Она покосилась на него. Захватила зубами указательный палец, пытаясь стянуть зубами перчатку. Не получилось. Сырая ажурная ткань плотно облегла руку.

– Я потеряла шубу.

Он улыбнулся, как через силу.

– Или подарила?.. Берегись, не делай богатые подарки. Люди не любят богатых. Люди не любят тех, кто счастливее их. Удачливее. Когда я был удачлив, меня не любили.

– Тебя и сейчас не особенно любят.

Она стояла перед ним – много ниже его ростом, – глядела на него снизу вверх, а старалсь глядеть надменно и царственно, сверху вниз, – и он был сегодня трезв, он сегодня не пил водку в «Парадизе», он стоял и смотрел на нее, и его глаза сверлили ее, как два бурава, из-под морщинистого лба, и на висках блестела седина, он был уже стар, она это видела, стар и нищ, странно, такой знаменитый еще недавно, о нет, это было века назад, – и его губы странно дрогнули, и его глаза будто приблизились к ней, и у нее стало все горячо внутри, будто ей живот обварили кипятком, и грозные военные барабаны забили в голове, в затылке, во лбу, будто стада монгольских коней промчались, и под копытами звонко и плачевно запела сухая земля, – и она, проститутка со стажем, актерка, притворявшаяся другой женщиной, прожженная тварь, чуть не разлепила губы и не вышептала ему в это его сухое, смуглое, раскосое, морщинистое лицо: «Зато я тебя люблю».

Ее губы дрогнули. Ее лицо подалось к его лицу. Она вздрогнула всем потным, всем надрожавшимся, напуганным телом, как загнанная лошадь, и отвернулась.

Он был трезв и серьезен. Она, смущенно отвернув лицо, смотрела в сторону, на грязный пол, на новую инсталляцию – таз, в тазу лежит мясорубка, вокруг таза плавают утки. Не живые утки, конечно, а охотничьи муляжи. Манки.

– Где ты нашел уток?

– На помойке. Один охотник умер поблизости, мальчишки разграбили его мастерскую. Он был и оружейник тоже. Куда делось оружие, не знаю.

– Оружейные мастера неплохо зарабатывают. Стань оружейным мастером.

– Спасибо. Я художник. Ничто не заставит меня перестать им быть.

Она вынула из сумки, болтающейся на плече, револьвер и положила его на мясорубку. Он не удивился.

– Зачем мясорубка?.. Ах да, уток же все равно застрелят и съедят.
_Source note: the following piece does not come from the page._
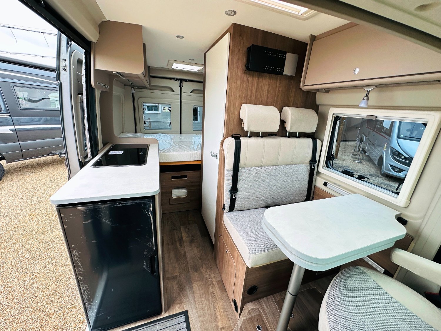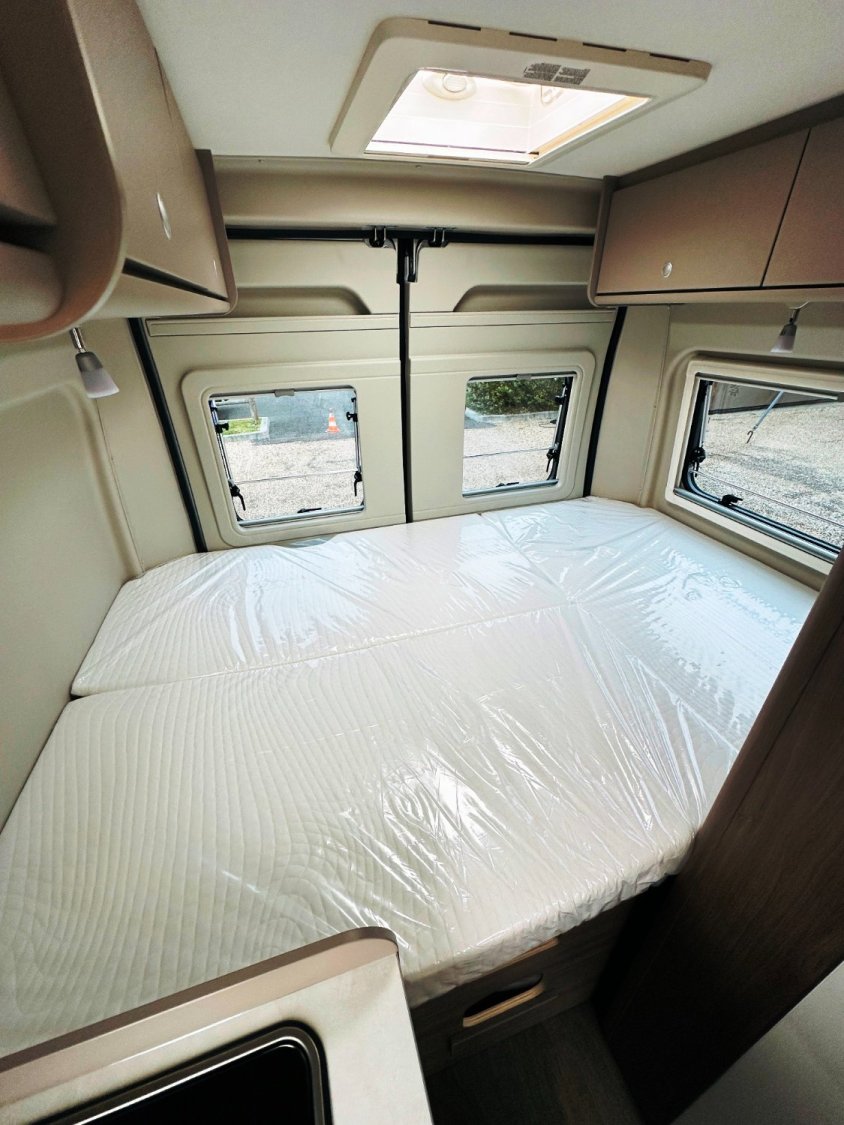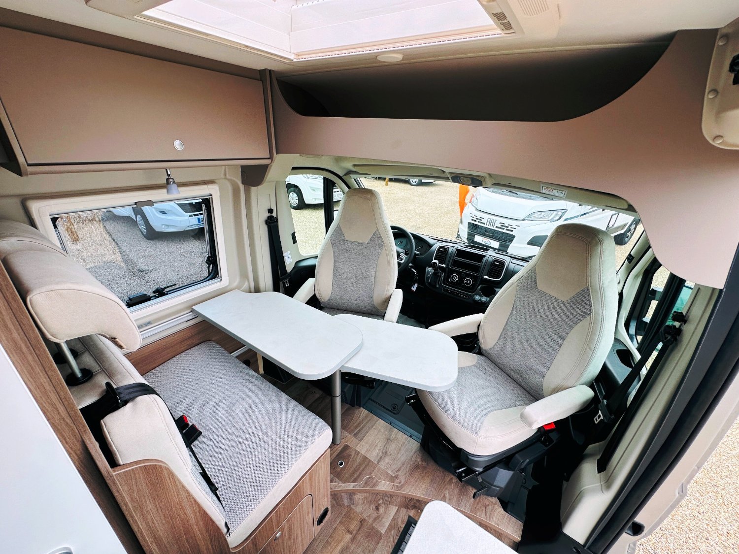 CARADO CV 540 PRO, collection 2026, 5.40 M, 3 couchages, lit permanent arrière modulable (possibilité de dégager un vaste couloir), salle de bain avec douche intégrée et plan de travail, salon avant avec sièges pivotant. Cuisine droite équipée de nombreux rangements et d’un vaste plan de travail.

Пушка тут ко двору пришлась, правда?

– Нас всех застрелят и съедят. Проходи, что ты стоишь как вкопанная. Ты замерзла. Жалко шубу?

Она услышала, что он старается быть равнодушным. Ровный, трезвый голос, угрюмый взгляд. И внутри, внутри горячие тимпаны, бубны, бешеный огонь. «Я отвлекла тебя от работы, прости, я сама не знаю, почему я к тебе приехала. Мне надо домой. Мне надо отдыхать. У меня завтра репетиция. У меня послезавтра концерт. А я вот приехала к тебе. Потому что, понимаешь, мне совсем не к кому, ну совершенно не к кому податься». Как бы это молча сказать ему, не разжимая губ. Она вспомнила про Толстую Аньку и Серебро. Разве им все расскажешь. Они славные, добрые девки. Она обхватила себя руками за плечи, и тут ее мелко-мелко затрясло, будто она стояла под пронизывающим до костей ветром.

– Без выпивки не обойтись.

– Не надо. Прошу, не надо. Вскипяти мне лучше чаю.

– Чаю? – Он вскинул голову, скосил не нее узкий звериный глаз. Гонги забили в ее висках, забили бубны медными тибетскими колокольцами: цзанг-донг, цзанг-донг. – Тебе сейчас не чаю надо. Тебе нужно хорошей водки. Дай мне денег. Я пойду куплю водки и овощей. Свежих овощей. И я знаю, что тебе сегодня еще надо. – Опять ожог этих пристальных, зверье настороженных, цепких глаз. – Тебе нужно еще кое-что. И я тебе это сделаю. Не рассказывай мне ничего. Язык – дурак. Молчи. Будешь говорить только тогда, когда не сможешь не говорить. Ясно?

Она наклонила голову: ясно. Вытащила из кошелька стодолларовую купюру, протянула ему. Он исчез. Она осталась одна.

Одна, без него, она долго глядела на виселицу, на петлю троллейбусного ремня. Задумалась. Чуть не уронила локтем странную композицию из пустых водочных бутылок. Не услышала, как он вернулся. Ей показалось – он ушел и тут же пришел.

О чем она думала без него? Яркий софит под потолком бил в глаза, как на допросе. Тусклая маленькая лампочка, наверное, в двадцать пять свечей, горела над подобием настенного коврика, связанного чьей-то бедняцкой рукой из старых поношенных чулок и колготок. Она думала о том, что и она вышла из этого мира, вылетела, как бабочка из куколки. О богатых и бедных. О превратностях судьбы, кидающей человека, как щепку, от берега к берегу людского моря.

Еще она думала об Эмигранте.

И когда она думала о нем, ее сердцу становилось горячо и страшно.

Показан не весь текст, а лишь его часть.